Plans and down plans

Rollback is represented as another HostKit plan. A plan change already carries before and after state, so HostKit can derive a down plan from the exact plan that was applied:

{:ok, plan} = HostKit.plan(project, target: prod)
{:ok, down_plan} = HostKit.down(plan)

HostKit.format_plan(down_plan)
HostKit.apply(down_plan, confirm: true)

Partial rollback uses the same plan model:

{:ok, down_plan} =
  HostKit.down(plan, only: [{:file, "/etc/gatehouse/config.exs"}])

Command-like operations need semantic down steps because HostKit cannot infer the opposite of an arbitrary command:

command :migrate,
  exec: {"bin/app", ["eval", "App.Release.migrate()"]},
  phase: :before_start,
  down: {"bin/app", ["eval", "App.Release.rollback()"]}

command :warm_cache,
  exec: {"bin/app", ["eval", "App.Cache.warm()"]},
  down: :noop

The down command is emitted as an ordinary command change in the down plan. down: :irreversible records an explicit warning and omits the command from the down plan.

Created resources use conservative rollback policies. File-like resources can be deleted by a down plan, but directories are kept unless explicitly opted in:

directory "/tmp/demo", rollback: :delete_if_created
directory "/srv/app", rollback: :keep
account :app, system: true, rollback: :keep
package :caddy, rollback: :keep

CLI usage mirrors this:

mix host_kit.plan infra/config.exs --host prod --out up.plan.json
mix host_kit.down up.plan.json --out down.plan.json
mix host_kit.apply --plan down.plan.json --confirm

Run tracking

Tracked applies write minimal run records under the project-configured HostKit runs root:

mix host_kit.apply --track --plan up.plan.json --confirm
mix host_kit.runs --host prod infra/config.exs
mix host_kit.runs --host prod --verbose infra/config.exs
mix host_kit.runs --host prod --latest --verbose infra/config.exs
mix host_kit.down --host prod --run 20260614-101148-demo-up --out down.plan.json infra/config.exs

Run records are intentionally compact: they identify the run, project, direction, timestamp, and applied change statuses. They do not replace plan artifacts; use plan artifacts for inspectable up/down plan contents. When a tracked apply is started from --plan, HostKit copies that up-plan artifact under the runs root and records the copied path so mix host_kit.down --last can work from the tracked run.

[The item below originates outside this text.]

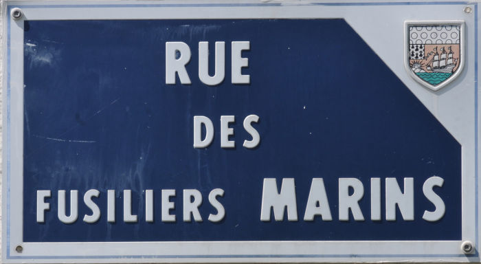 La brigade des fusiliers-marins est créée le 7 août 1914 avec le surplus d’effectif dont dispose la Marine. La brigade est composée de deux régiments et regroupe 6 000 hommes venant de Lorient, Rochefort, Brest, Cherbourg et Toulon sous le commandement du contre-amiral Ronarc’h. La mission initiale de la Brigade est de défendre Paris et sa banlieue. L’extrême jeunesse des 700 apprentis fusiliers marins dont les plus jeunes ont à peine seize ans et demi surprend les Parisiens qui les surnomment les « Demoiselles de la Marine ». Puis c’est au tour des Allemands d’être surpris et de les nommer les « Demoiselles au pompon rouge ». Du 16 octobre au 10 novembre 1914, la Brigade s’illustre à Dixmude en empêchant les Allemands de passer l’Yser. Le 11 janvier 1915, la brigade reçoit à Dunkerque, son drapeau des mains du président de la République, Raymond Poincaré. Après avoir combattu à Nieuport, le gouvernement décide de dissoudre la Brigade en novembre 1915. Celui-ci a besoin d’hommes pour lutter contre les sous-marins allemands. Il est alors décidé de la création d’un bataillon de fusiliers marins qui reçoit le drapeau de la brigade et reste au front. La brigade perd 13 844 hommes en seize mois. En 1919, les fusiliers marins de la brigade et du bataillon reçoivent leur 6e citation.

Tracked applies also write backup payloads for previous file-like state when that state was captured in the plan. Backup payloads live under hostkit_backups/<run-id>/ or the --backups-root override. mix host_kit.down --last and mix host_kit.down --run RUN_ID rewrite supported previous file-like state to %HostKit.BackupRef{} entries so generated down plans restore from backup payloads instead of embedding prior content. Backup-backed restore currently covers ordinary files plus rendered file resources such as env files, Caddy sites, proxy config, firewall/egress files, and systemd unit files when their previous rendered content was captured. Use mix host_kit.runs --verbose, --latest, or --id RUN_ID to inspect copied plan artifacts and backup payload paths.

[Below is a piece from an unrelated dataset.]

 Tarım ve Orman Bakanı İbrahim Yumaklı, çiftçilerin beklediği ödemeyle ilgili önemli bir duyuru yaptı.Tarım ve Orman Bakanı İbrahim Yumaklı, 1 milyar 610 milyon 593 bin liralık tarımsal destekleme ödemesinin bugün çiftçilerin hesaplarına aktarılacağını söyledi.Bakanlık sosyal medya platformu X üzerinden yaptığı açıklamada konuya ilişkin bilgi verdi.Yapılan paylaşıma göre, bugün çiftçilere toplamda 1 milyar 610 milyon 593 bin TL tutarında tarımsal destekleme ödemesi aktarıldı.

Source updates are intentionally not inferred as reversible by default: a previous Git remote/ref may no longer be reachable. Treat source rollback as an explicit lifecycle operation or pair it with a backup/source-bundle strategy.

Run retention is explicit. Use mix host_kit.runs --prune --keep N to remove older run records plus their copied plan artifact and backup payload directories.

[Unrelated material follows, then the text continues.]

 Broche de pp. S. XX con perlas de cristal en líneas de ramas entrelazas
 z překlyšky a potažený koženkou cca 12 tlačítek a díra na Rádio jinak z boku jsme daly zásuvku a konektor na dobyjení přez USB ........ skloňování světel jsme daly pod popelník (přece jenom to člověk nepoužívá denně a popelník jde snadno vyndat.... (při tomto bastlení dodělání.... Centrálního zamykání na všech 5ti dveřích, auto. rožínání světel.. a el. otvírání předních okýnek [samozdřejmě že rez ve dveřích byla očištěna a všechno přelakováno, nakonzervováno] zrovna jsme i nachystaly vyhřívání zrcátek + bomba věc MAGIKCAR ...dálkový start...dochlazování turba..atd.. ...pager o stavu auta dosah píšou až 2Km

Elixir app lifecycle helpers

The Elixir app recipe can emit lifecycle commands for common BEAM deployment operations. Ecto migrations are represented as normal commands with explicit down commands:

elixir_app :shop do
  source github: "acme/shop", path: ".", ref: "main"
  phoenix host: "shop.example.com", secret_key_base: secret_env("SECRET_KEY_BASE")

  ecto release: "Shop.Release"
end

This emits a :before_start migration command that runs through the built release and a matching down command that calls Shop.Release.rollback().

For multiple repos, HostKit emits one ordered command per repo. Down plans reverse that order:

elixir_app :shop do
  source github: "acme/shop", path: ".", ref: "main"
  phoenix host: "shop.example.com", secret_key_base: secret_env("SECRET_KEY_BASE")

  ecto release: "Shop.Release" do
    repo "Shop.Repo"
    repo "Shop.AnalyticsRepo"
  end
end

The default expressions are:

Shop.Release.migrate(Shop.Repo)
Shop.Release.rollback(Shop.Repo)

Use :migrate and :rollback for custom release functions when the defaults do not fit.

Providers

Providers can contribute DSL modules, resource types, renderers, validators, and read/plan/apply lifecycle operations. Systemd and Unitctl are core primitives, not providers; integrations such as Caddy should be providers.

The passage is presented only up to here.